> _Your assignment_
The pictures stay out; all of the data is to be printed exactly.

> _Data provided_
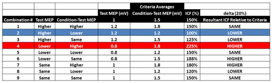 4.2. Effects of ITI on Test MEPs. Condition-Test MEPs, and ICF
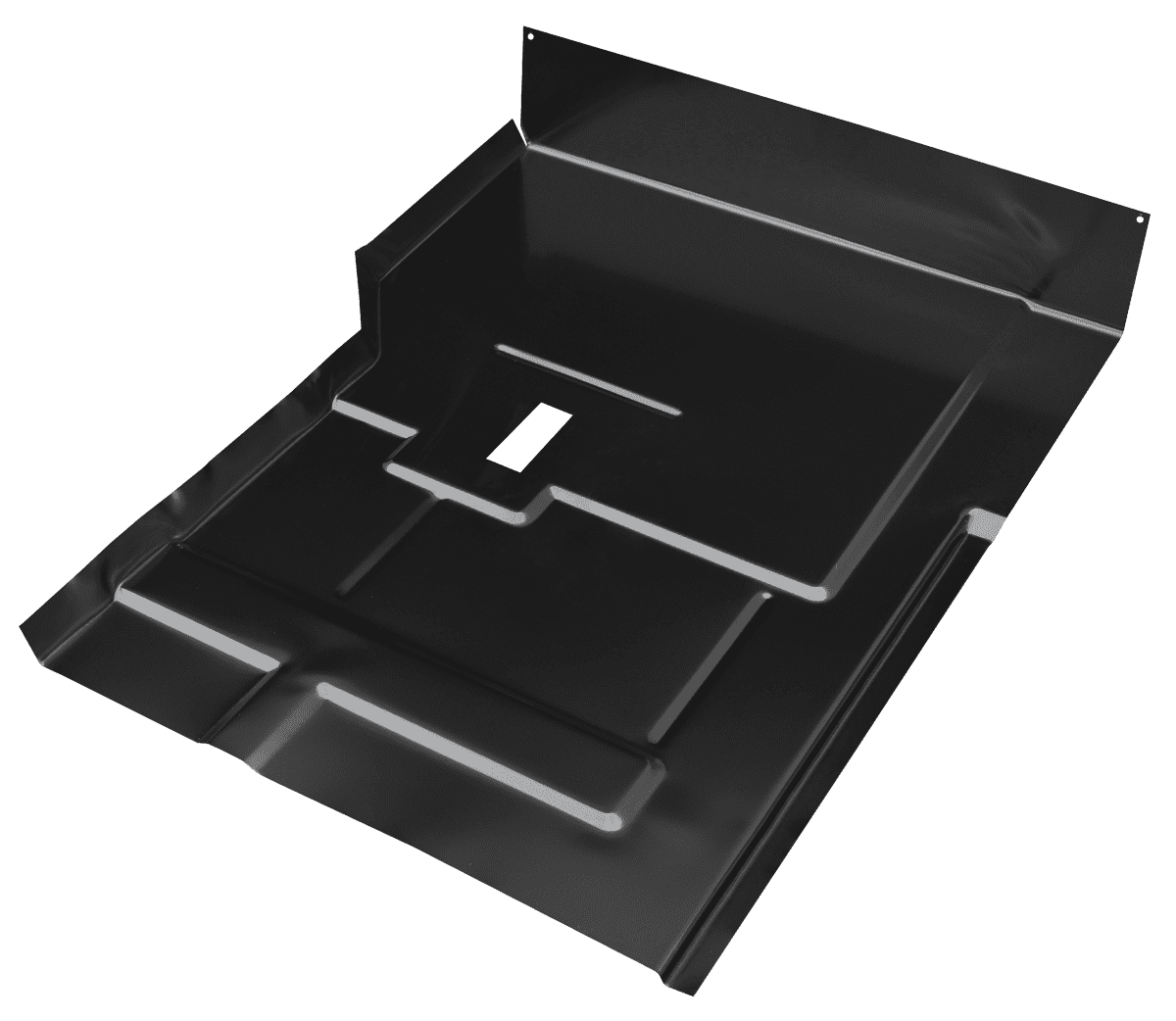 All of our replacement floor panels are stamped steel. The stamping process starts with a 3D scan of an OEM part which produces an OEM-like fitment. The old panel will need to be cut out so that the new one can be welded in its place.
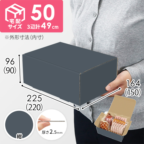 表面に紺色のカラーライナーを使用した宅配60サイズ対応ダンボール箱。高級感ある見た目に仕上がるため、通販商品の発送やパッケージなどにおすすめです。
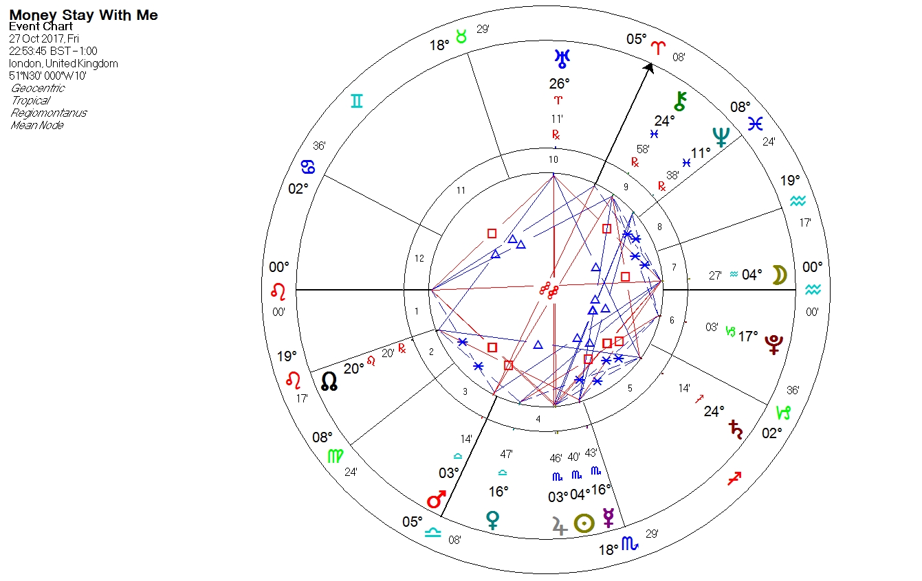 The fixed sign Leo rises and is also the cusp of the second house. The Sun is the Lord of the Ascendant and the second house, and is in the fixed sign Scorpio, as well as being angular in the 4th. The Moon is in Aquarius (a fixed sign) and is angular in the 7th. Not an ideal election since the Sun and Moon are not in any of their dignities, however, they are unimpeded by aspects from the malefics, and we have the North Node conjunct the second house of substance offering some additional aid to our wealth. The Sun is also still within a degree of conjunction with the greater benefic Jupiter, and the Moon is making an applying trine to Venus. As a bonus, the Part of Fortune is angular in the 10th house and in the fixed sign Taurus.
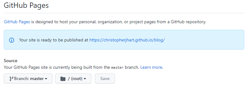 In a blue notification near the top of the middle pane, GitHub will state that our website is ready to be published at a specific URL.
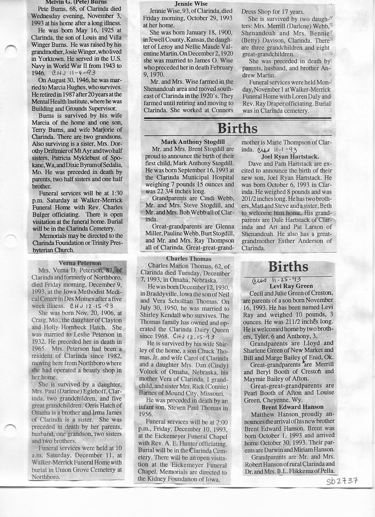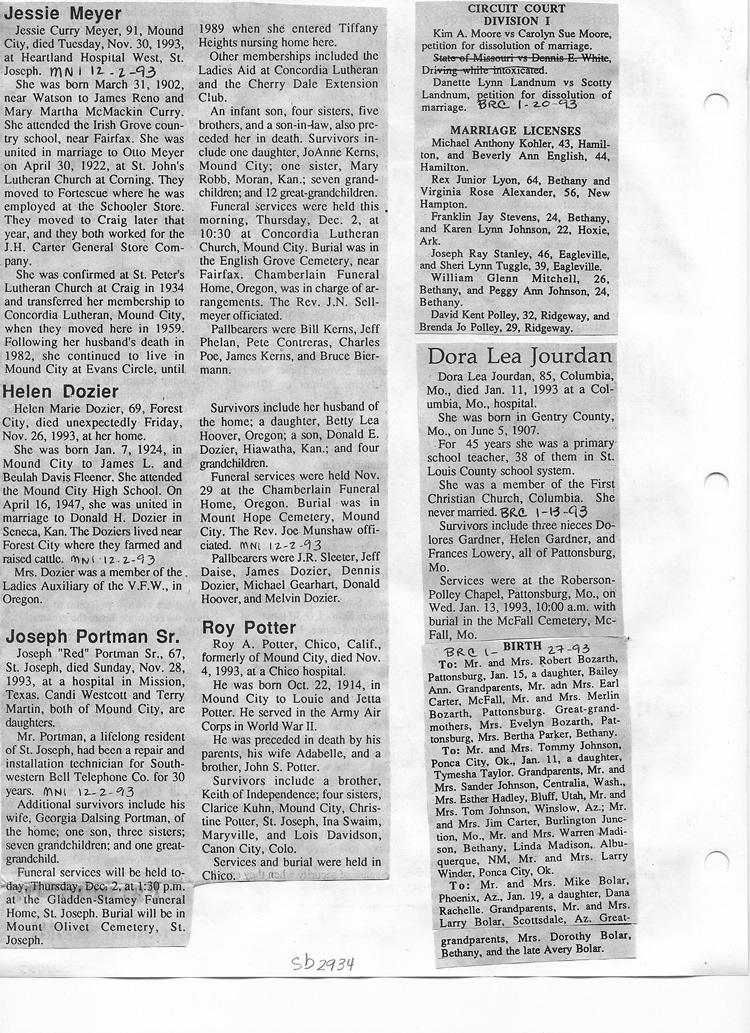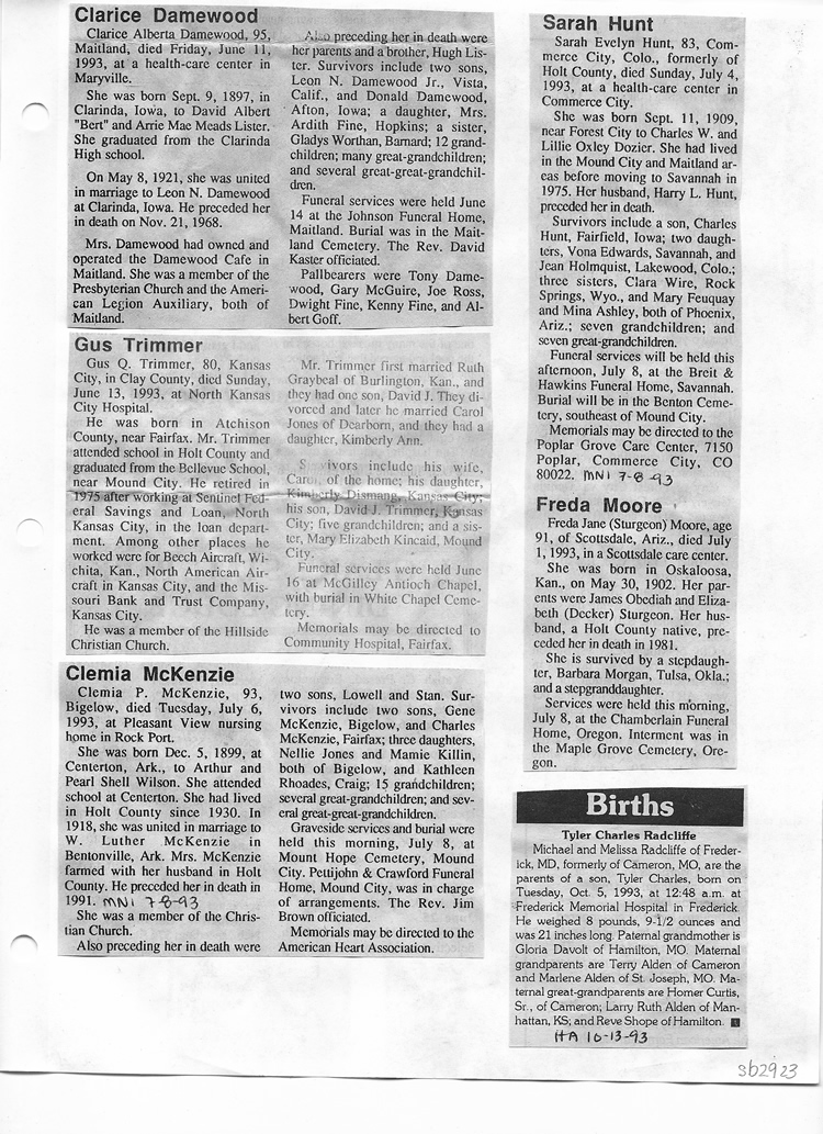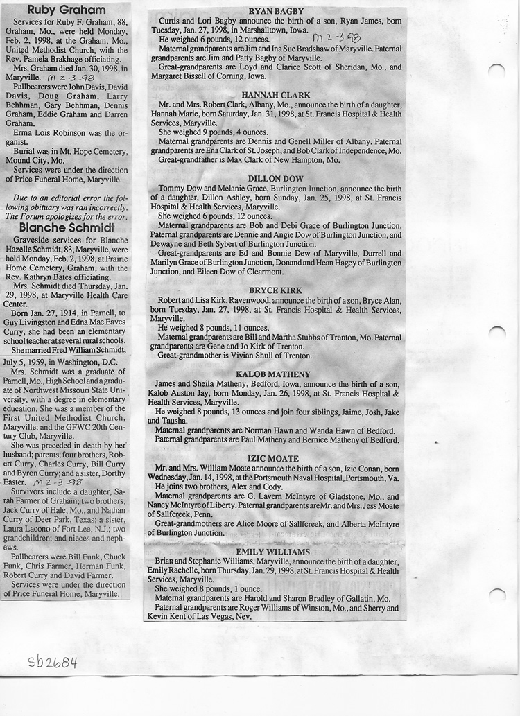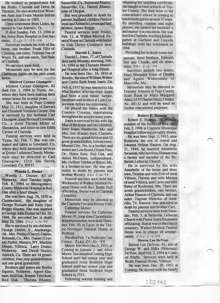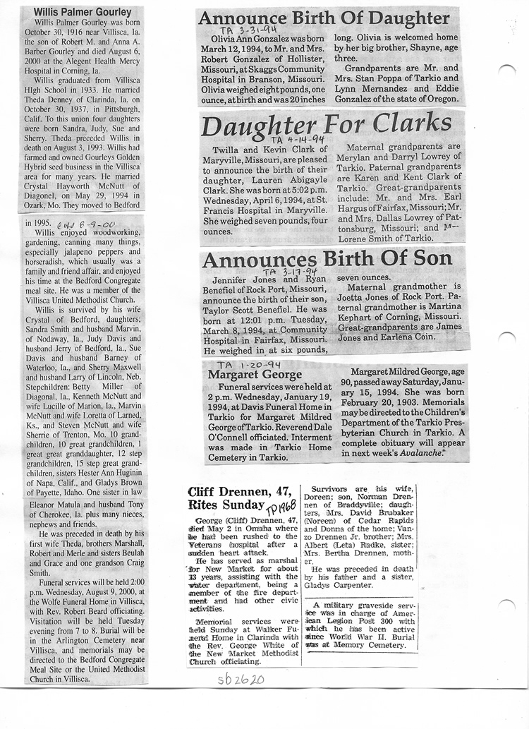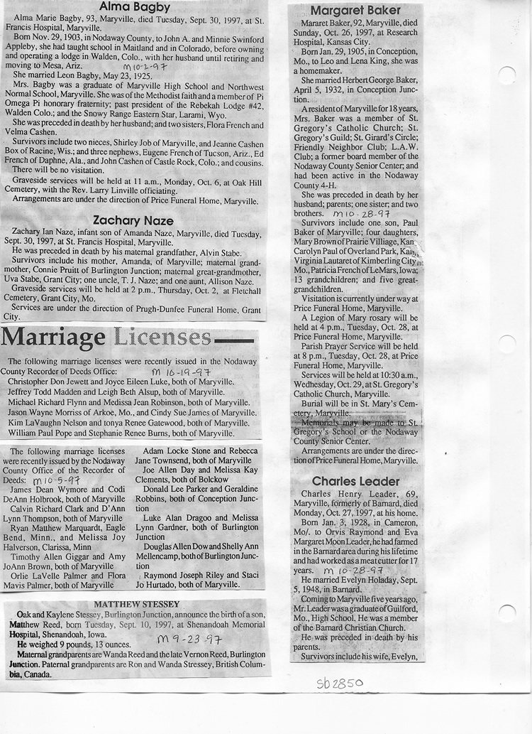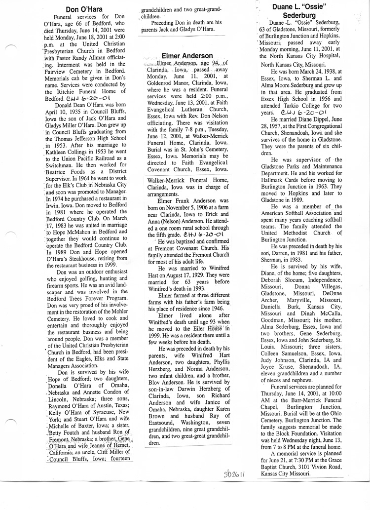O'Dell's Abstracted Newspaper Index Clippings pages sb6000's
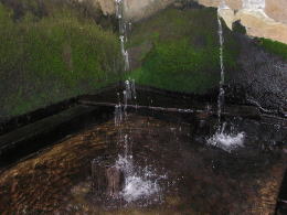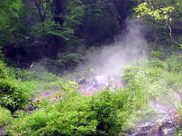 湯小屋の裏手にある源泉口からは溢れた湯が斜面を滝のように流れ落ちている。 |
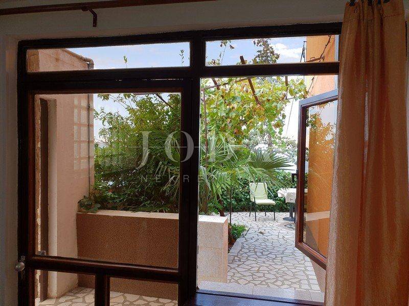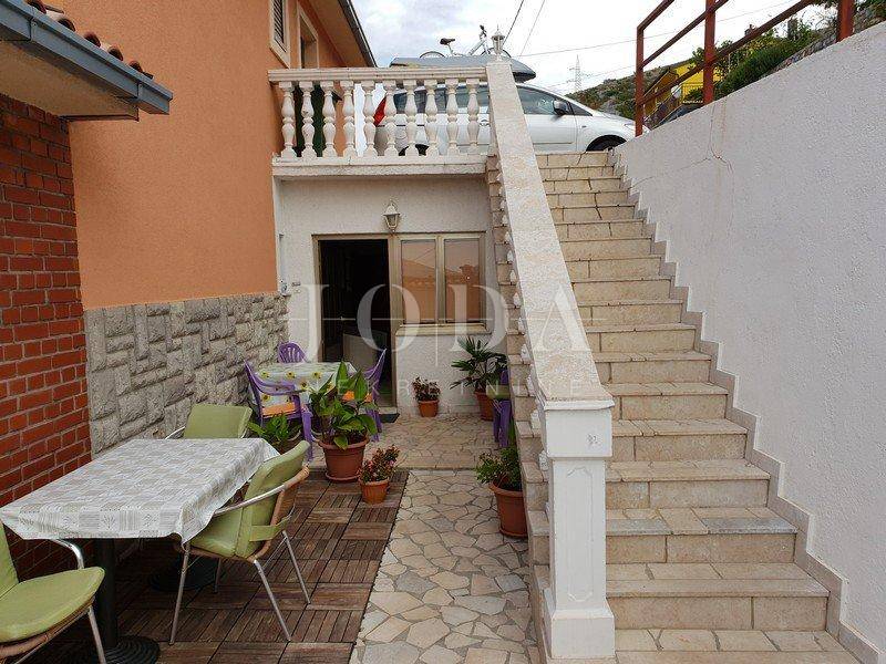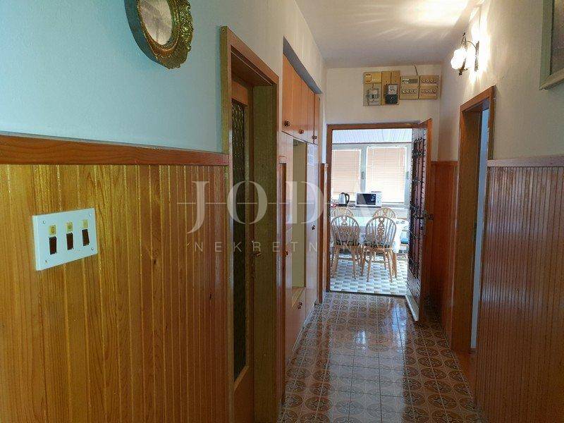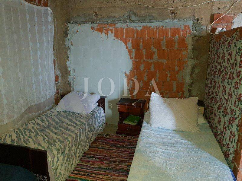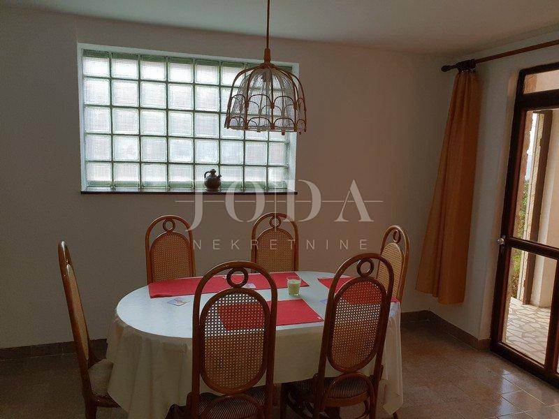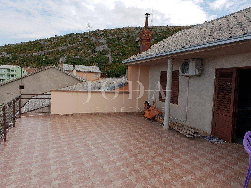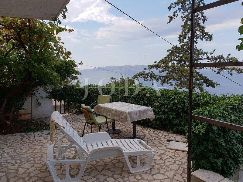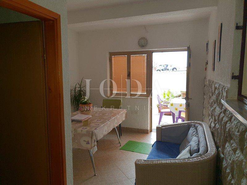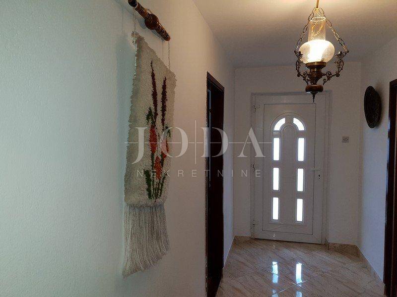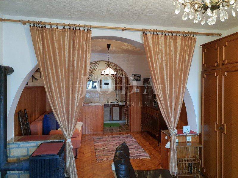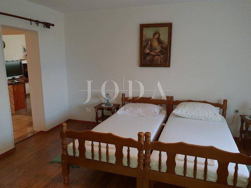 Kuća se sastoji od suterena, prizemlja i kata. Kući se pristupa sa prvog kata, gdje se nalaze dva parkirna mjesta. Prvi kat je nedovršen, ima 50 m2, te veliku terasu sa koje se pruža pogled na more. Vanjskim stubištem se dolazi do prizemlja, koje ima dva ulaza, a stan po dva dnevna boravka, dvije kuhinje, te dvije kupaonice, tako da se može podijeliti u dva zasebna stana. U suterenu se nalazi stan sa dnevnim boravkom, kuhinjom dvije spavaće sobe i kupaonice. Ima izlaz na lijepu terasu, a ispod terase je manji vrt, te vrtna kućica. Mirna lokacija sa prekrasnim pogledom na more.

> _Task output_
 4.2. Effects of ITI on Test MEPs. Condition-Test MEPs, and ICF
 All of our replacement floor panels are stamped steel. The stamping process starts with a 3D scan of an OEM part which produces an OEM-like fitment. The old panel will need to be cut out so that the new one can be welded in its place.
 表面に紺色のカラーライナーを使用した宅配60サイズ対応ダンボール箱。高級感ある見た目に仕上がるため、通販商品の発送やパッケージなどにおすすめです。
 The fixed sign Leo rises and is also the cusp of the second house. The Sun is the Lord of the Ascendant and the second house, and is in the fixed sign Scorpio, as well as being angular in the 4th. The Moon is in Aquarius (a fixed sign) and is angular in the 7th. Not an ideal election since the Sun and Moon are not in any of their dignities, however, they are unimpeded by aspects from the malefics, and we have the North Node conjunct the second house of substance offering some additional aid to our wealth. The Sun is also still within a degree of conjunction with the greater benefic Jupiter, and the Moon is making an applying trine to Venus. As a bonus, the Part of Fortune is angular in the 10th house and in the fixed sign Taurus.
 In a blue notification near the top of the middle pane, GitHub will state that our website is ready to be published at a specific URL.
O'Dell's Abstracted Newspaper Index Clippings pages sb6000's
 湯小屋の裏手にある源泉口からは溢れた湯が斜面を滝のように流れ落ちている。 |
 Kuća se sastoji od suterena, prizemlja i kata. Kući se pristupa sa prvog kata, gdje se nalaze dva parkirna mjesta. Prvi kat je nedovršen, ima 50 m2, te veliku terasu sa koje se pruža pogled na more. Vanjskim stubištem se dolazi do prizemlja, koje ima dva ulaza, a stan po dva dnevna boravka, dvije kuhinje, te dvije kupaonice, tako da se može podijeliti u dva zasebna stana. U suterenu se nalazi stan sa dnevnim boravkom, kuhinjom dvije spavaće sobe i kupaonice. Ima izlaz na lijepu terasu, a ispod terase je manji vrt, te vrtna kućica. Mirna lokacija sa prekrasnim pogledom na more.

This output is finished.